Nos seus diários, Max Frisch escreve que Lenine e Robert Walser conversaram apenas uma vez. Foi em 1917, na Spiegelgasse, em Zurique, em frente a uma pastelaria. Dias antes da Revolução e do regresso de Lenine à Rússia. Walser fez-lhe uma única pergunta: «Também gostas de Glarner Birnbrot ?» Frisch garante que a história é verdadeira.

Admiradores

Joyce e Musil moravam muito perto um do outro em Zurique durante a última guerra; no entanto, não fizeram nenhuma tentativa de se conhecerem, de se encontrarem. Os criadores não comunicam entre si. Precisam de admiradores, não de semelhantes . Emil Cioran, Cadernos 1957-1972

Mexer na terra

Leio no jornal que em Santiago do Cacém há um empreendimento para «nómadas digitais» onde os clientes podem «ser tecnológicos, mexer na terra e viver em comunhão com a natureza». Haverá alegoria mais grotesca do que andamos a fazer à terra? Um produto para clientes «tecnológicos» mexerem, esburacarem, violentarem.

Vida luminosa

  –Tu, se fazes o favor, não vais na conversa destes dois ou ainda ficas como eles.

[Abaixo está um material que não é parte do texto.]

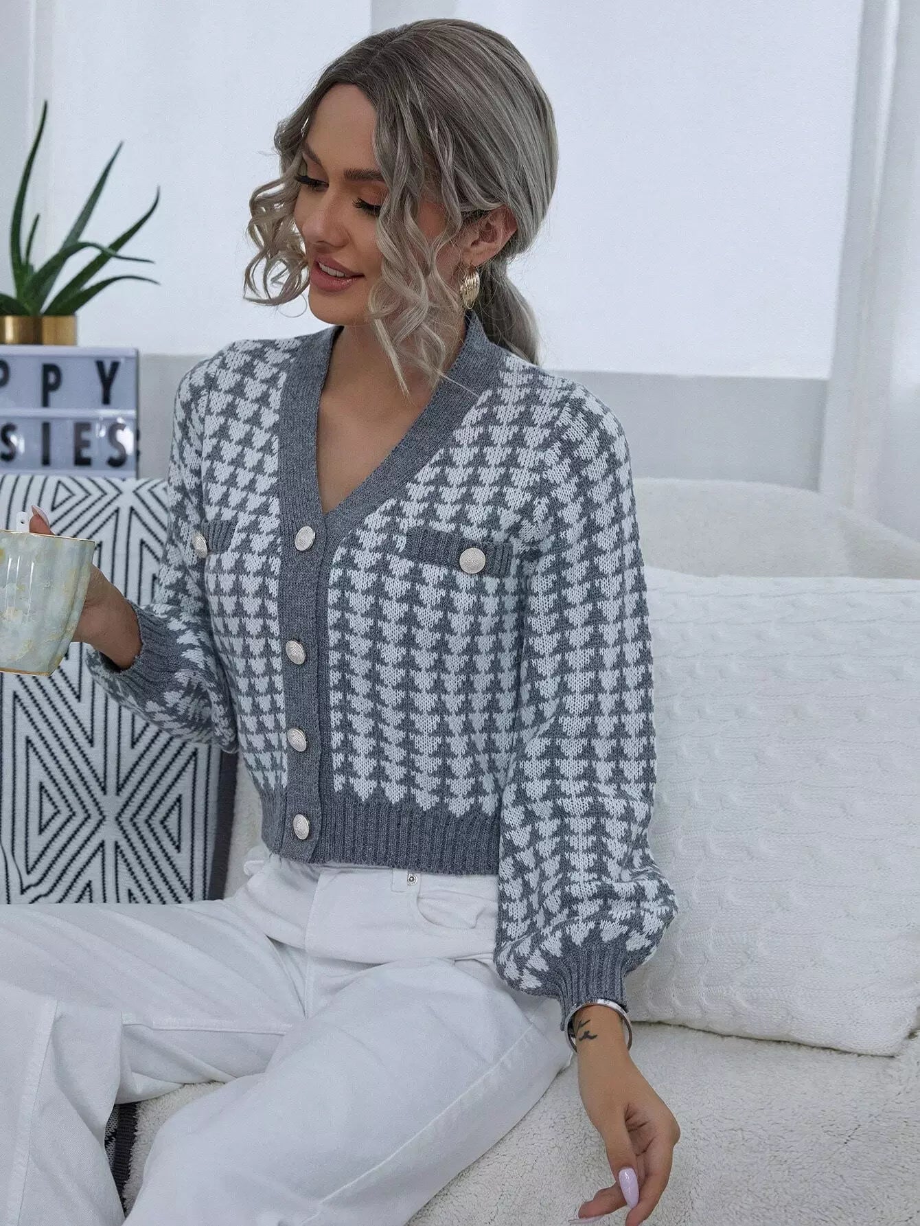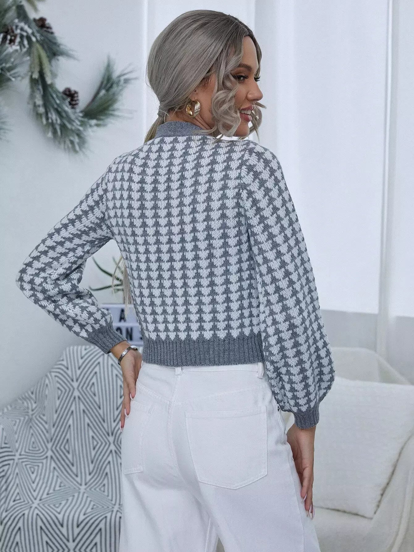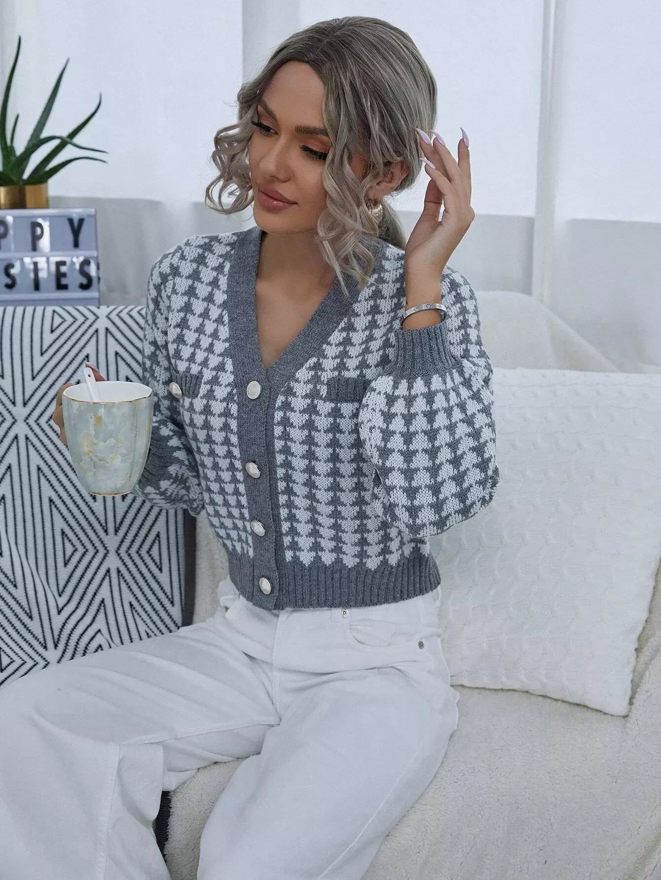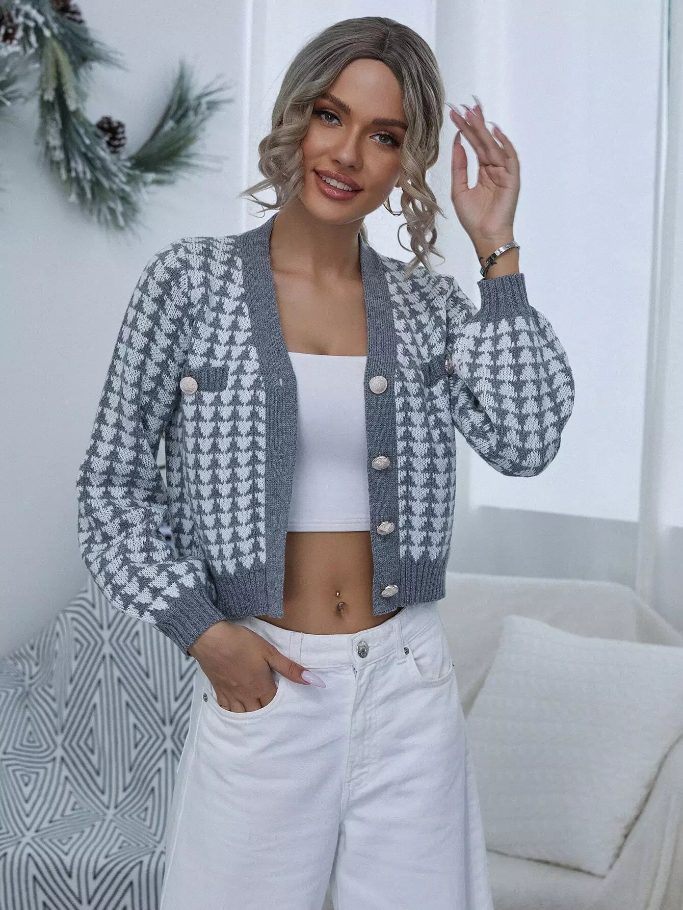 كارديجان قصير بنقشة هندسية وفتحة رقبة على شكل حرف V

«Porque razão deverá uma pessoa trabalhar, podendo evitá-lo?»

A minha patroa tanto apregoou o uso da inteligência artificial generativa que acabei por aceitar: utilizei o chat gtp para negociar a extinção do meu posto de trabalho. Não foi em vão que li os livros do Cossery. O desemprego é o nosso futuro.

«As nossas mulheres»

Na apresentação da candidatura à Câmara do Porto, o concorrente da «direita democrática» disse: «Nesta terra não se ameaça, não se intimida impunemente as nossas mulheres, as nossas crianças, ou qualquer cidadão, seja nas ruas, nos jardins, ou nas estações de metro. Quem não sabe comportar-se dessa forma, não é bem-vindo!» Ia escrever que é uma declaração repugnante e irresponsável, mas desisti. Certas palavras já não significam nada.

Livros fortificantes

O que não devo aos livros destrutivos, do contra, «ácidos»? Sem eles, já não estaria vivo. É por reacção ao seu veneno, por resistência à sua força nociva, que me fortaleci e me apeguei ao ser. Livros fortificantes , pois despertaram em mim tudo o que os devia negar. Li quase tudo o que é preciso para soçobrar, mas foi precisamente por isso que consegui evitar o naufrágio. Quanto mais «tóxico» é um livro, mais age em mim como um tónico. Só me afirmo pelo que me exclui. Emil Cioran, Cadernos 1957-1972

Dos jornais XXVII

Tudo impressiona nas notícias sobre o MAL, mas o que vai ficar na minha memória é a fotografia da faca pousada sobre um naperon bordado .

Novo mundo

Estão 33 ou 34 graus. Turistas japoneses passeiam pela Cordoaria de guarda-chuva aberto, tentando proteger-se do sol. Dezenas de guarda-chuvas, avançando em todas as direcções, como num dia de tempestade. Pousadas nos semáforos, as gaivotas observam este novo mundo, confusas.